Trying to be a good counselor, I asked why she asked... And she retorted “Because I want to know if that's where I really want to go.” I recall describing that most of life seems a puzzle to me, and that I believe, when I die, God will reveal that the complex puzzle I thought I had been working to solve, really amounts to only one small piece in the puzzle of history and humanity. I also recalled a Robin Williams Film in which after he dies Heaven and Hell are like living inside a lush series of paintings, where anything we imagine can be tangible and real.

Tragically, we have been afraid of what to do with The Book of the Revelation in the 21st Century. Hollywood has grasped it's images, and in one film after another, from The Exorcist to The 7th Seal to Indiana Jones, we have made the images terrifying. In the last section there was guarantee that the Holy Number of 12 times 12000 of each of the 12 tribes of Israel scattered as they once were to the Diaspora, all would be brought home. Everyone known and expected and counted upon. But just as our Choir's Anthem had this marvelous counterpoint between the dirge of numbering each who has died and the celebration at the resurrection for ever more, Revelation shifts to a vision of All the Saints that are beyond numbering. And while there robes had been filthy and saturated with blood at endurance of suffering life, they have made them white as snow. The text is specific here that while usually in reference to resurrection we identify a passive voice that “GOD raise up Jesus” here the emphasis is active, that the saints each had a role in their own salvation, in there making their robes/ our robes clean.

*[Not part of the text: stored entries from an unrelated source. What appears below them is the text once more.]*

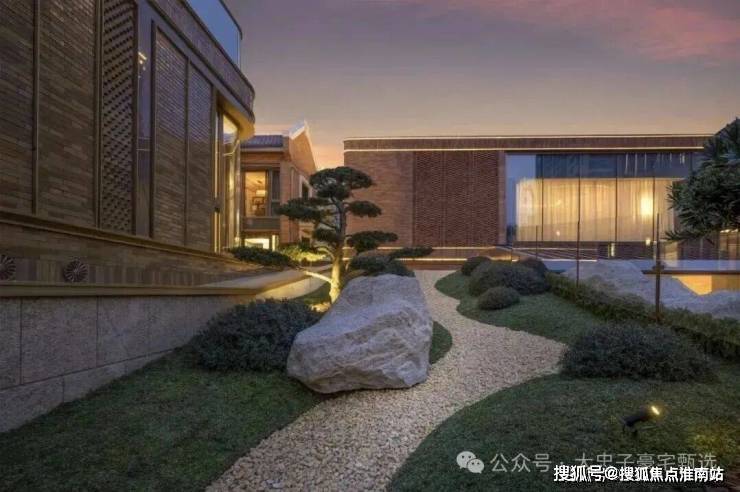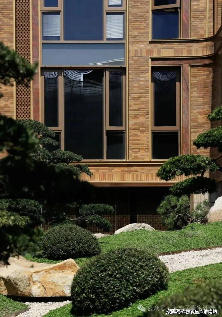 用昂贵的幻彩红奢石,把砖墙的直角做成了更优雅更昂贵的弧线圆角,与红砖形成了更丰富的肌理变化。精心镶嵌的金属线条,勾勒出了建筑的璀璨轮廓。入口处的弧形转角大幅落地玻璃窗,带来高奢酒店的氛围。站在街边,你已经可以看到庭院中的巍巍劲松探出一角,引发你步行归庭的情绪。
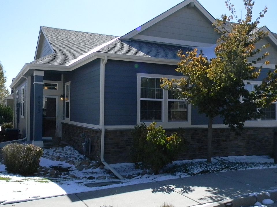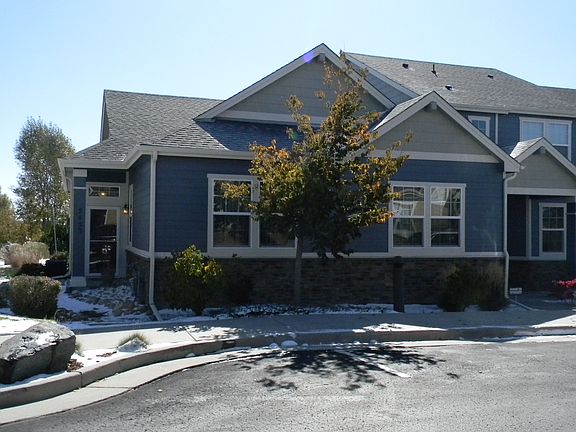 Covered hardwood entry opens to great room boasting 10' ceilings, new laminate floors and lots of natural light, 3-sided gas FP, informal Dining area, 2 ceiling fans. Separate formal Dining/Office space w French doors. Open Kitchen w granite counters, breakfast bar, tile backsplash, pantry, 42" cabinets, stainless steel appliances, hardwood floor. Main level Master Suite w ceiling fan, adj 5-pc Bath, spacious walk-in closet. Additional main level Bedroom w ceiling fan. Other bonus features; main level laundry, energy efficient vinyl windows, central A/C, finished 2 car Garage w alley entry. Washer & dryer included, plus gun/storage safe. Maintenance free, private corner lot w mountain views. Plenty of close guest parking. Walking distance to park, rec center, minutes from schools, shopping, entertainment & main roads.
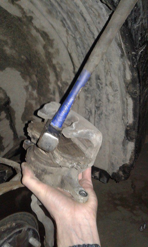 Далее необходимо утопить тормозной цилиндр в начальное положение. Для этого я использую старые колодки и молоток:
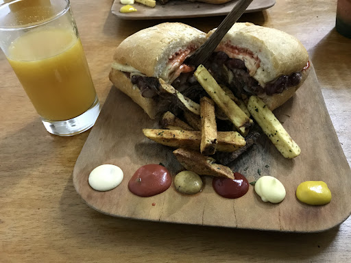 In this place, they have a few set burgers and can essentially build your own burger. We ate the triple alpaca and single chicken burger both with native fries and they were excellent. The meat was high quality and the burgers were stuffed with nice fresh salad. Soft drinks, burgers and a dessert for 85 soles.
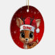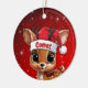 Comet! Celebrate the holiday season with this festive round ceramic red ornament featuring an endearing woodland forest animal cartoon graphic of a cute baby reindeer wearing a Santa hat. Perfect deer with antlers for decorating your tree or as a thoughtful gift, this whimsical doe decor makes a cherished keepsake for years to come. Customize by changing the text, the font, the font color, or remove the text. You can even transfer this design onto other products. Enjoy this design your way! Check out ForestBabies Xmas Deer Collection for matching decorations. 🎄🦌
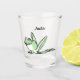 A colour pencil drawing of a happy little frog adorns this customisable shot glass!
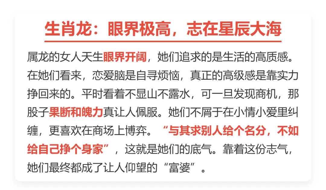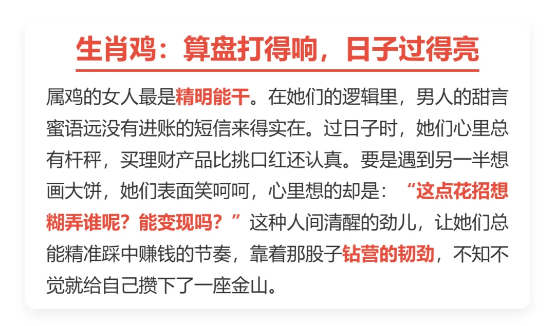 《尚书》里有.句话叫:“民惟.邦本,本固邦.宁。”其实放.在咱女.人身.上,这手里.的钱,就是.咱安身立.命的“本”。这年.头,指望谁都.不如.指望卡.里的.余额。咱们.今儿.就聊.聊,那几个.天生.不信.爱情神.话,一门.心思只想.往兜里揣.钱的.生肖女,瞧瞧人.家是.怎么活成.豪门的。
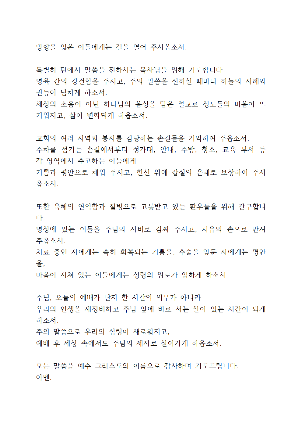 주님, 오늘의 예배가 단지 한 시간의 의무가 아니라 우리의 인생을 재정비하고 주님 앞에 바로 서는 살아 있는 시간이 되게 하소서. 주의 말씀으로 우리의 심령이 새로워지고, 예배 후 세상 속에서도 주님의 제자로 살아가게 하옵소서.

What would those white robes feel like, soft as silk, or freshly laundered and stiff with outdoor air? What would be the feel of the blood of the Sacrificial Lamb? How does it feel to stand in the presence of God, not alone like Dorothy before the Wizard of Oz, but standing with an entire population of people all of whom love the Lord? How awesome to imagine the one who was sacrificed for us, becoming our shepherd!

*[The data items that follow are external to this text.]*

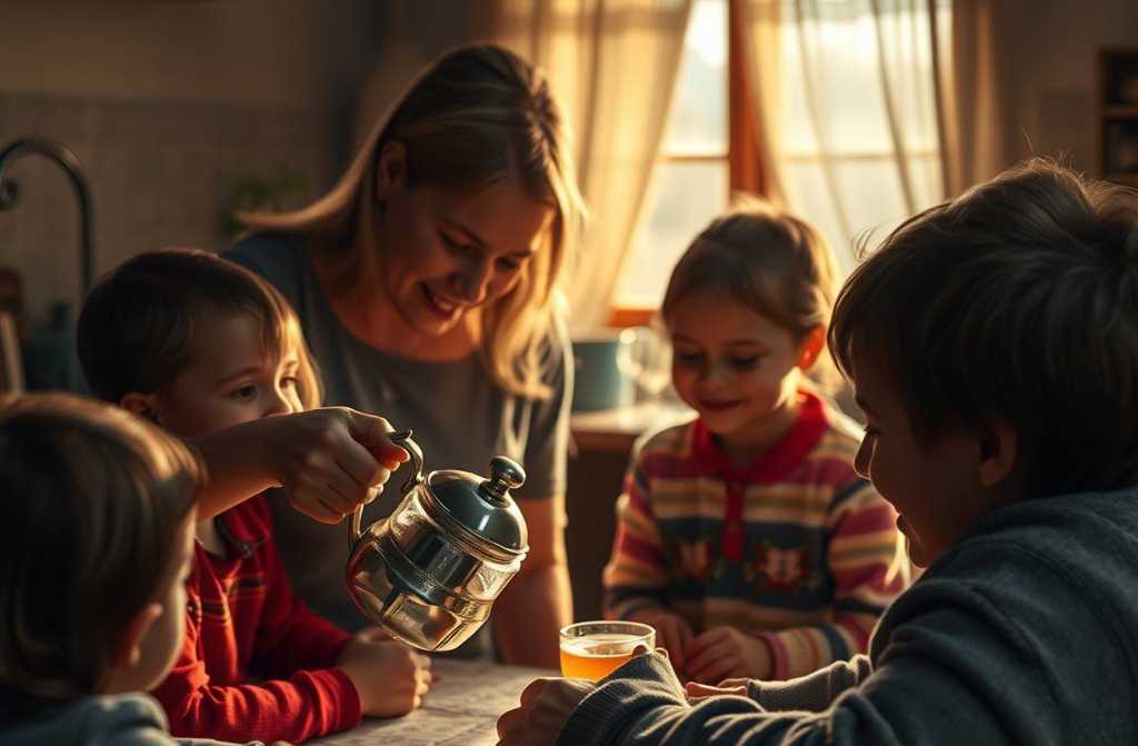 Laura lo invita a sedersi, gli serve il tè. I bambini lo osservano curiosi.
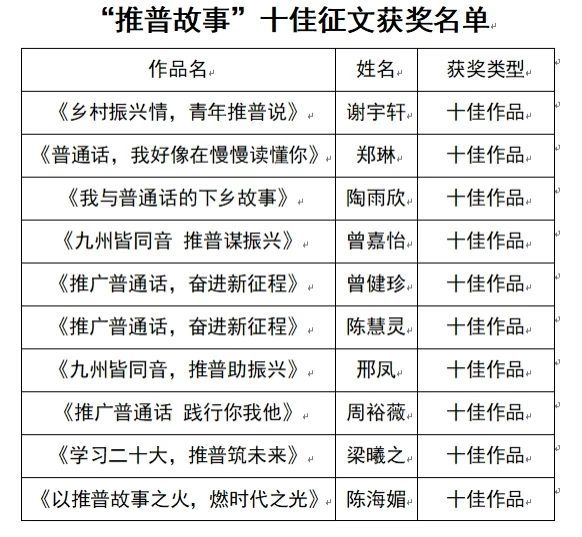 活动一经推出,同学们积极踊跃参加,经过评比,筛选出了“推普故事”十佳征文作品名单如下:
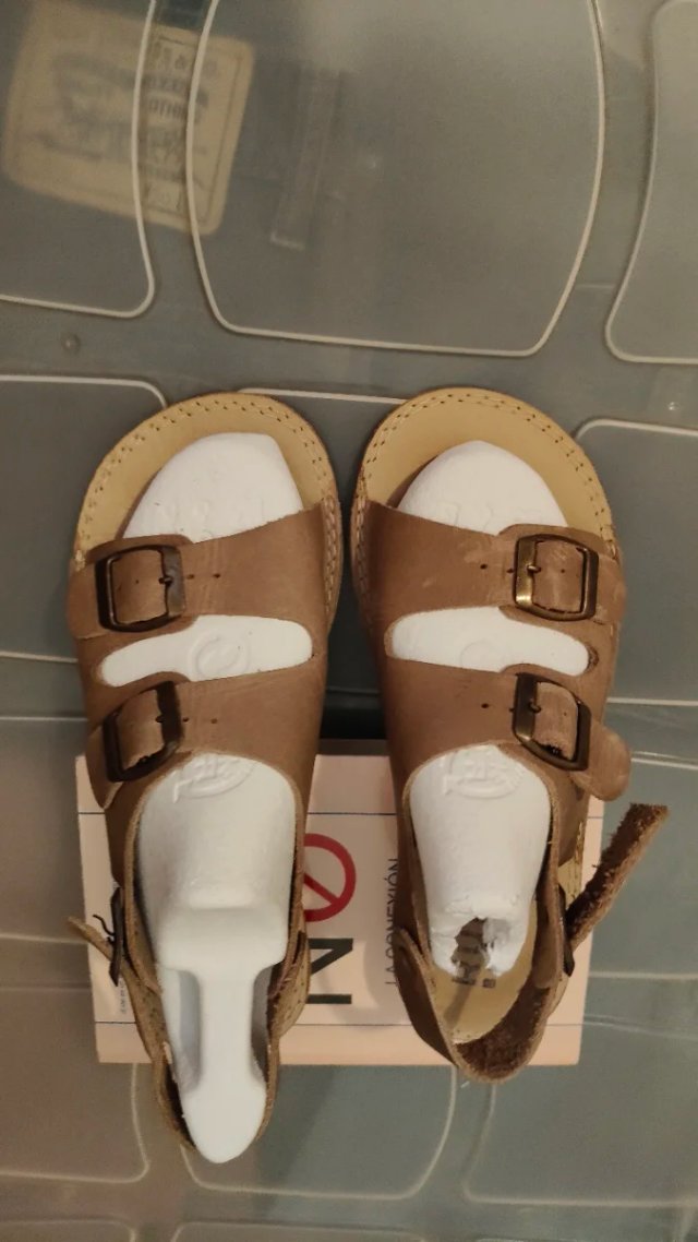 Sandalias estilo BAREFOOT de la marca Ruby. - Color beige/marrón. - Cierre con hebillas. - Suela de cuero.
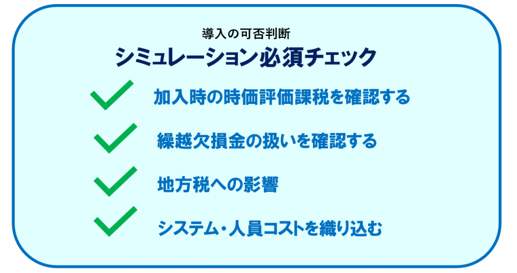 グループ通算制度は原則として一度開始すると取りやめが難しいため、加入時の時価評価課税、繰越欠損金の扱い、地方税影響、システム・人員コストを含めた事前シミュレーションが必須です。税務申告だけでなく、金融機関や株主への報告スケジュール調整も必要になります。
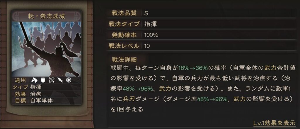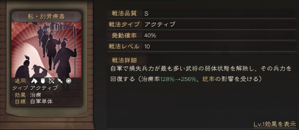 転・刮骨療毒と同じで統率が高いサポート武将全般に使えそうです。

How quickly we bury our words... “All The Saints Had a Role In Their Own Salvation.” What do we mean by salvation anymore? There are certain words like Evangelism and Morals and Salvation, which in the mainline Church became passe for a time. We are a self-satisfied people who despite Inflation and Recession, and constant Wars, live a pretty good life. Are our values, the priorities of our lives based on account balances or on the salvation of our souls? DO we even worry about the immortality of our souls?

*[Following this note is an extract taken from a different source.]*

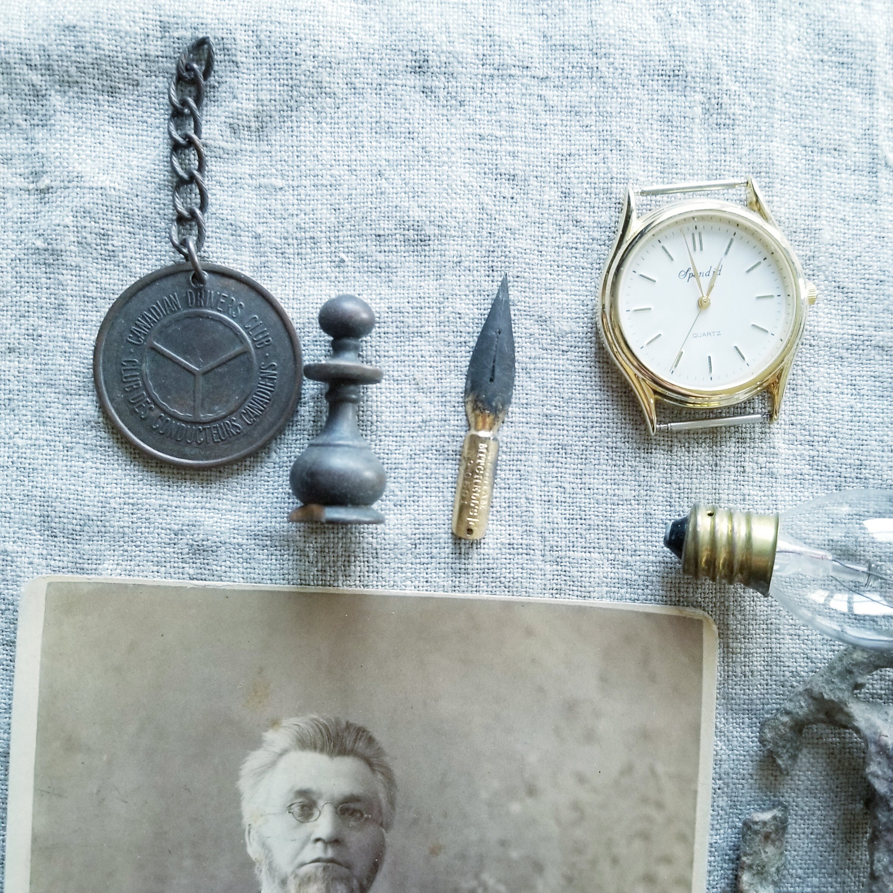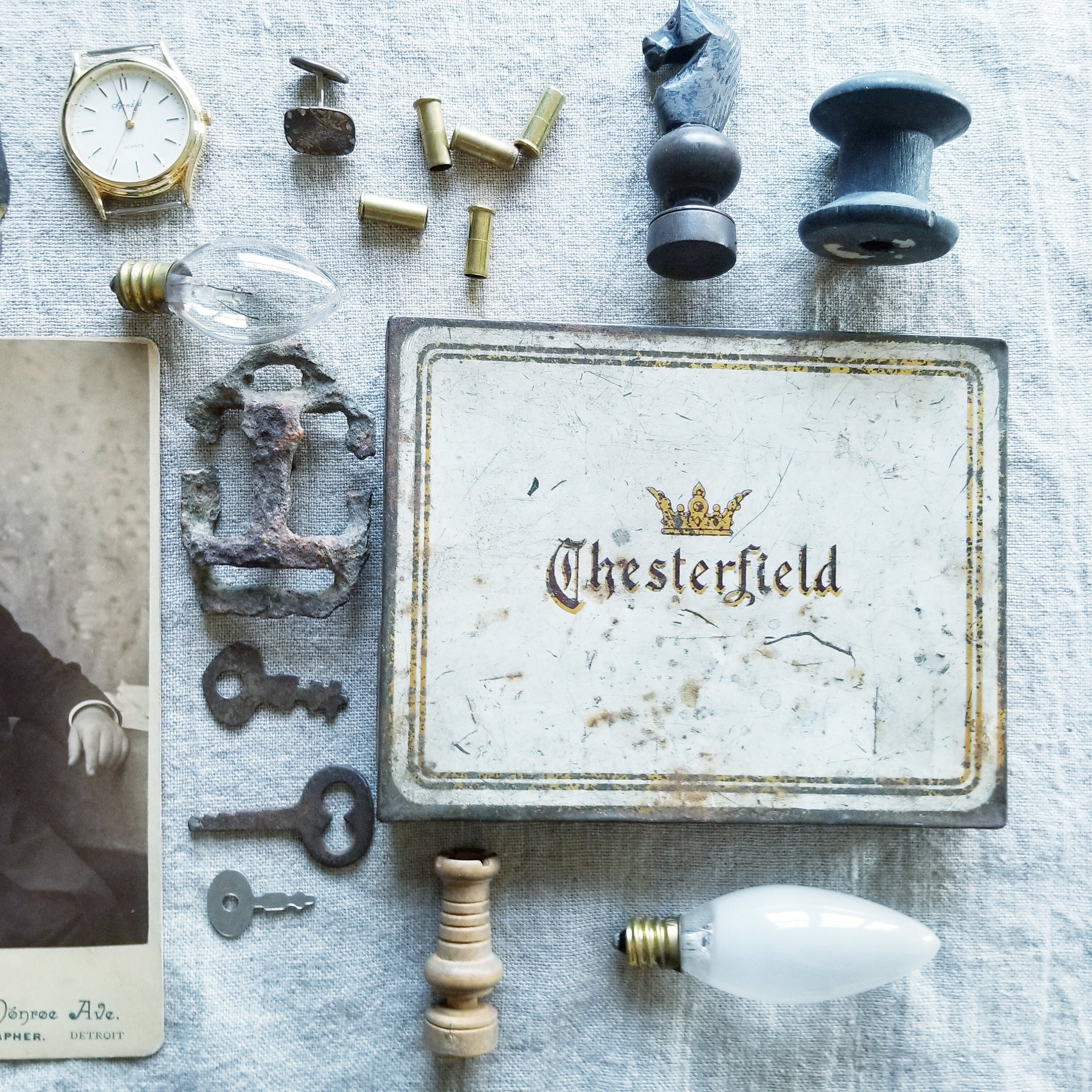 wooden spools, wooden chess pieces, watch face, pen nib, cigarette tin, keys, rusty weird thing, blown light bulbs, brass pieces.

Whenever a person dies a chill runs up a preacher's spine and should, as we wonder what words to say. How do we encapsulate in a few moments all that this person represented to others and in their own salvation? Mary Soderberg, Ed Belinski, I read through the list of names and for each recall their identity as so and so's mother, their father, their wife, 2 year old Cameron. While others have had all kinds of interpretations about Jesus' Sermon on the Mount, representing one like Moses bringing the Law to the People from the Mountain... what I hear in the Beatitudes this morning is discerning what is really of value. Would I want to be outed by Jesus looking out and saying “Blessed are the Poor in Spirit,” “Blessed are those who Mourn, Blessed are the Humble.” But regardless of whether I wanted to be identified or not, what he offers is clarification about what life and death is really all about. A searching for the Kingdom of God, a desire to be comforted, the promised land, righteousness being satisfied.